Safeguards against executive dominance in governance are necessary not only in a Presidential form. It is foolhardy to expect that the Prime Minister’s dependence on majority support in Parliament would alone ensure the independence of the judiciary and of the Commissions that need to be independent of political manipulation. That is why the Ven. Maduluwawe Sobitha Nayaka Thera, the founder of the NMSJ, insisted on the re-establishment of the Constitutional Council process even while agitating for the abolition of the Executive Presidency.
One must not forget the experiences under a two-thirds majority in Parliament between 1970 and 1975 and even until 1977 when the United Front had only a simple majority. The infamous ‘Emergency Rule’ in India in the 1970s is yet another example of independent institutions, not excluding the judiciary, succumbing to pressure.
A Second Chamber as a substitute for Commissions
The NMSJ has proposed a bicameral legislature. One critic who considers the NMSJ to have ‘poverty of vision’ has suggested that Constitutional Commissions be restricted to areas such as elections, public service, judiciary, audit and anti-corruption and for all other areas to be ‘covered’ by the Second Chamber. This is obviously due to a misconception about the role of a second legislative chamber.
Commissions, whether set up by the Constitution or by law, perform essentially executive functions. Even the former Constitutional Council, although it had its sittings in the precincts of Parliament, performed an executive function by its involvement in the appointment of constitutional functionaries and Commissions prior to formal appointment by the head of the executive.
When the Eighteenth Amendment Bill of 2003 sought to exclude decisions of the Constitutional Council from the fundamental jurisdiction of the Supreme Court, a seven-member Bench of the Court held that the Bill requires approval at a Referendum, stating that the Constitutional Council ‘is part of the Executive and is attributed executive power’.
A Second Chamber, by whatever name called, cannot exercise executive functions.

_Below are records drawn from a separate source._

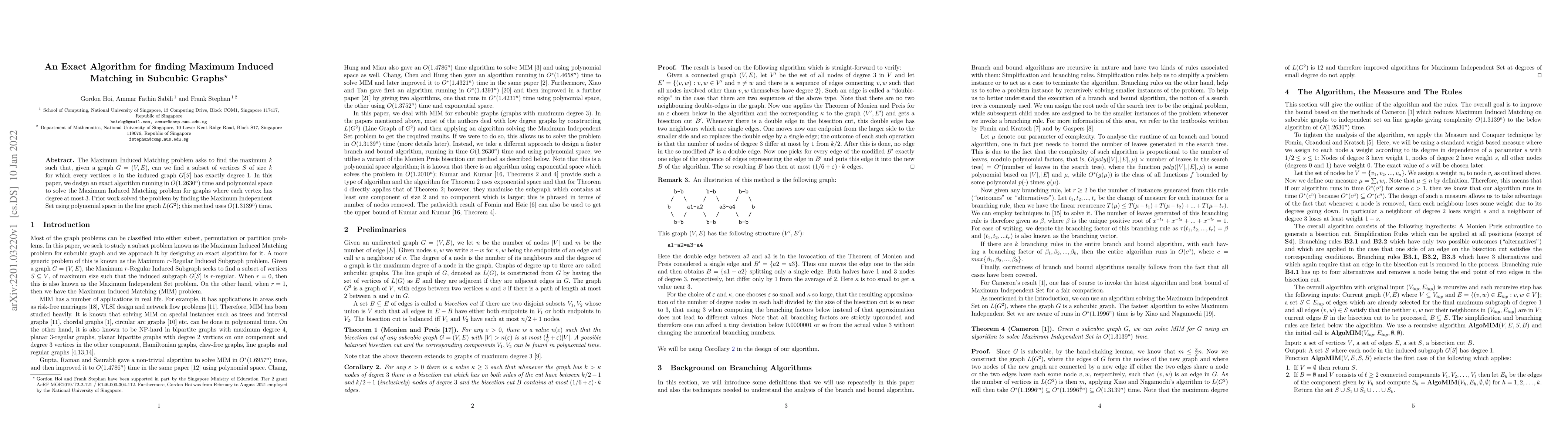 The Maximum Induced Matching problem asks to find the maximum $k$ such that, given a graph $G=(V,E)$, can we find a subset of vertices $S$ of size $k$ for which every vertices $v$ in the induced graph $G[S]$ has exactly degree $1$. In this paper, we design an exact algorithm running in $O(1.2630^n)$ time and polynomial space to solve the Maximum Induced Matching problem for graphs where each vertex has degree at most 3. Prior work solved the problem by finding the Maximum Independent Set using polynomial space in the line graph $L(G^2)$; this method uses $O(1.3139^n)$ time.
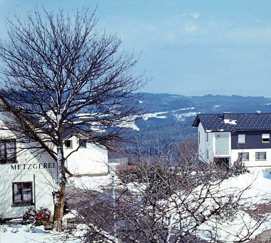Im Jahre 1975 sehen wir dann auf der linken Straßenseite den Laden von Metzgermeister Ebner,
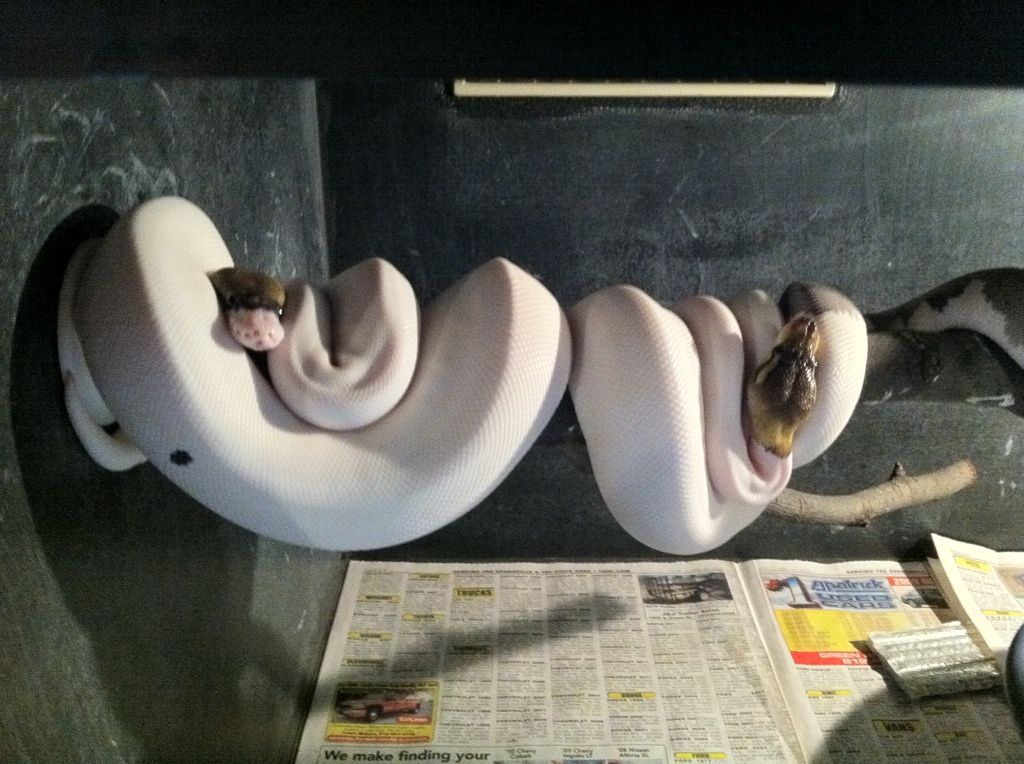 For those that say balls don't climb....mine are all basking under the lamps on perches. lol. Funny stuff. Some of my males have been going back and forth.
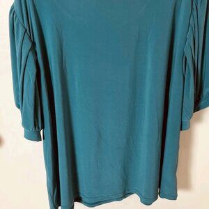 Brand-new Carmen Marc Valvo women’s blouse in a beautiful green (verdigris) — size 3X and new with tags (NWT)! This stylish top features a flattering scoop neckline, soft polyester-blend knit fabric, and balloon sleeves that add a boho-chic vibe perfect for casual days, travel, work, or weekend outings.
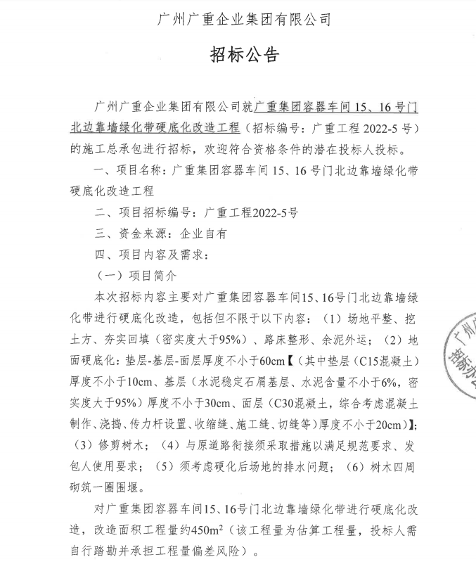 乐鱼网页版页面登录集团容器车间15、16号门北边靠墙绿化带硬底化改造工程招标公告

The NMSJ proposed a second chamber of the legislature as an instrument of power-sharing that would also function as a mechanism to rectify possible imbalances of representation in the other house. It would also act as an in-built mechanism against hasty legislation and legislation that may have an adverse effect on the provinces.
Language
The NMSJ has proposed that Sinhala and Tamil be recognised as official languages and English as the link language. The criticism that it failed to deal with the language of communication, the language of education, etc., is certainly valid.
The NMSJ must, in refining its proposals in light of the discourse that the proposals generated, go into such details. A good starting point could be the proposals made by the sub-committee on fundamental and language rights of the Constitutional Assembly headed by MP Mahinda Samarasinghe. At the request of the sub-committee, Professor A.M. Navaratne Bandara, who was an expert advising the reform process, submitted a series of proposals. The sub-committee also considered the recommendations of the Public Representations Committee chaired by Lal Wijenayake.